Transcribe this listing exactly; omit the pictures.

**DATASET SECTION:**
--------
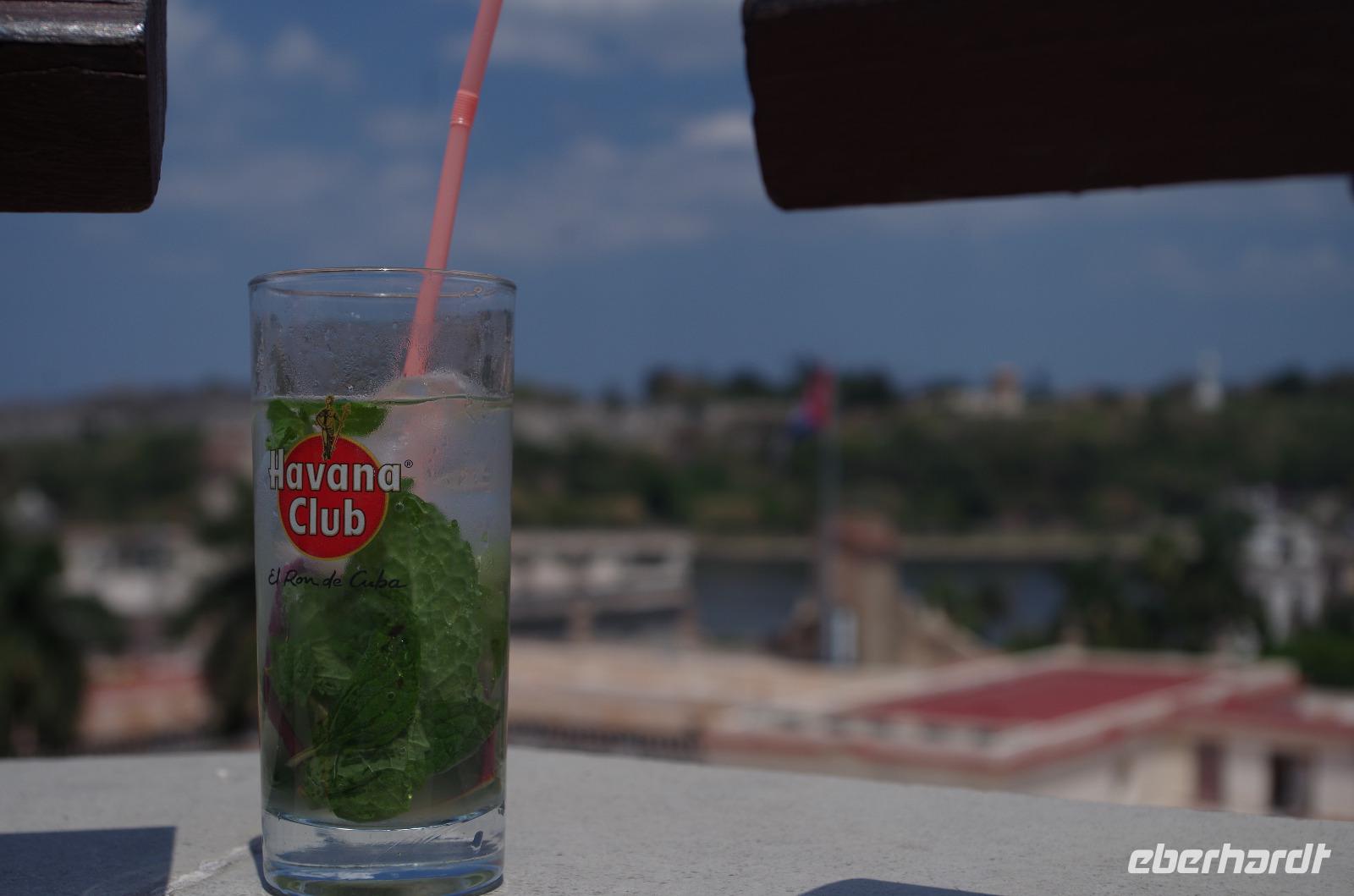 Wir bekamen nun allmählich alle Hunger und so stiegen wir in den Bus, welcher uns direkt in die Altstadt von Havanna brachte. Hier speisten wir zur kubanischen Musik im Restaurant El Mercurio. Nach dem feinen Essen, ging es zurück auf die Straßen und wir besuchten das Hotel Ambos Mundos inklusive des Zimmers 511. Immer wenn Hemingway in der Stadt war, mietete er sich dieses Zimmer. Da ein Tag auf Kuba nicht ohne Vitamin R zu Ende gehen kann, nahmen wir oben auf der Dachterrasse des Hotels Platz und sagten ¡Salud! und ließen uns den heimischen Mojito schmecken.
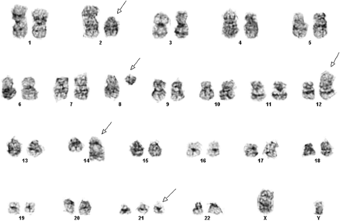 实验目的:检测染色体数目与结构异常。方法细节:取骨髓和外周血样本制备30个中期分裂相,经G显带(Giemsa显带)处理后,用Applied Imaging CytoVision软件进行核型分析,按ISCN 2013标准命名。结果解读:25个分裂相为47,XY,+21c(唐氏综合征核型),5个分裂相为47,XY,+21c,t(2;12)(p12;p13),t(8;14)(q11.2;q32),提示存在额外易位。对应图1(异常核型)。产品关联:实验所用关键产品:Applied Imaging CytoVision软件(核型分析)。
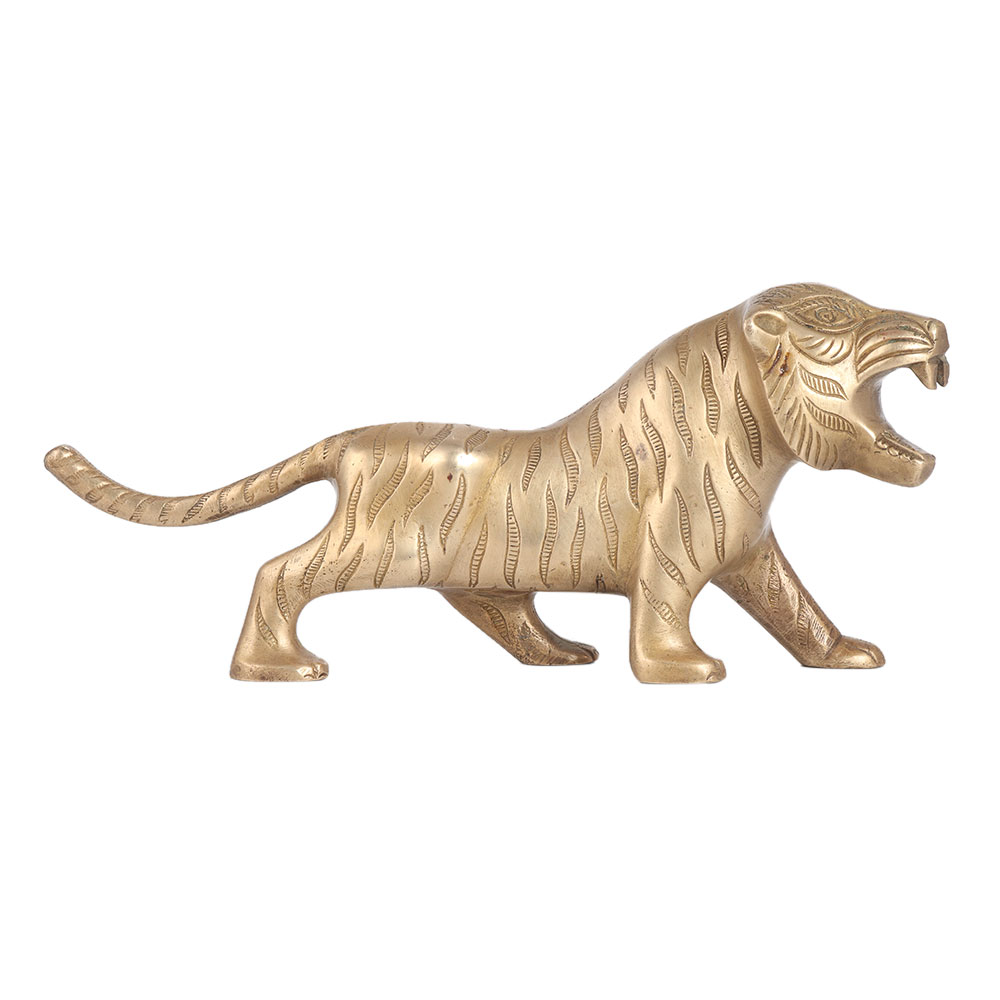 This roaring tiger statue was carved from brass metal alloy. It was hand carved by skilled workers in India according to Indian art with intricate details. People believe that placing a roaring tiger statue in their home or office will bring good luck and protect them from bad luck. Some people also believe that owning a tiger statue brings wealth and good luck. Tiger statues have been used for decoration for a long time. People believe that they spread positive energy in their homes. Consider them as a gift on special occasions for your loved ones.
--------
**OUTPUT FOR THIS TASK:**
 Wir bekamen nun allmählich alle Hunger und so stiegen wir in den Bus, welcher uns direkt in die Altstadt von Havanna brachte. Hier speisten wir zur kubanischen Musik im Restaurant El Mercurio. Nach dem feinen Essen, ging es zurück auf die Straßen und wir besuchten das Hotel Ambos Mundos inklusive des Zimmers 511. Immer wenn Hemingway in der Stadt war, mietete er sich dieses Zimmer. Da ein Tag auf Kuba nicht ohne Vitamin R zu Ende gehen kann, nahmen wir oben auf der Dachterrasse des Hotels Platz und sagten ¡Salud! und ließen uns den heimischen Mojito schmecken.
 实验目的:检测染色体数目与结构异常。方法细节:取骨髓和外周血样本制备30个中期分裂相,经G显带(Giemsa显带)处理后,用Applied Imaging CytoVision软件进行核型分析,按ISCN 2013标准命名。结果解读:25个分裂相为47,XY,+21c(唐氏综合征核型),5个分裂相为47,XY,+21c,t(2;12)(p12;p13),t(8;14)(q11.2;q32),提示存在额外易位。对应图1(异常核型)。产品关联:实验所用关键产品:Applied Imaging CytoVision软件(核型分析)。
 This roaring tiger statue was carved from brass metal alloy. It was hand carved by skilled workers in India according to Indian art with intricate details. People believe that placing a roaring tiger statue in their home or office will bring good luck and protect them from bad luck. Some people also believe that owning a tiger statue brings wealth and good luck. Tiger statues have been used for decoration for a long time. People believe that they spread positive energy in their homes. Consider them as a gift on special occasions for your loved ones.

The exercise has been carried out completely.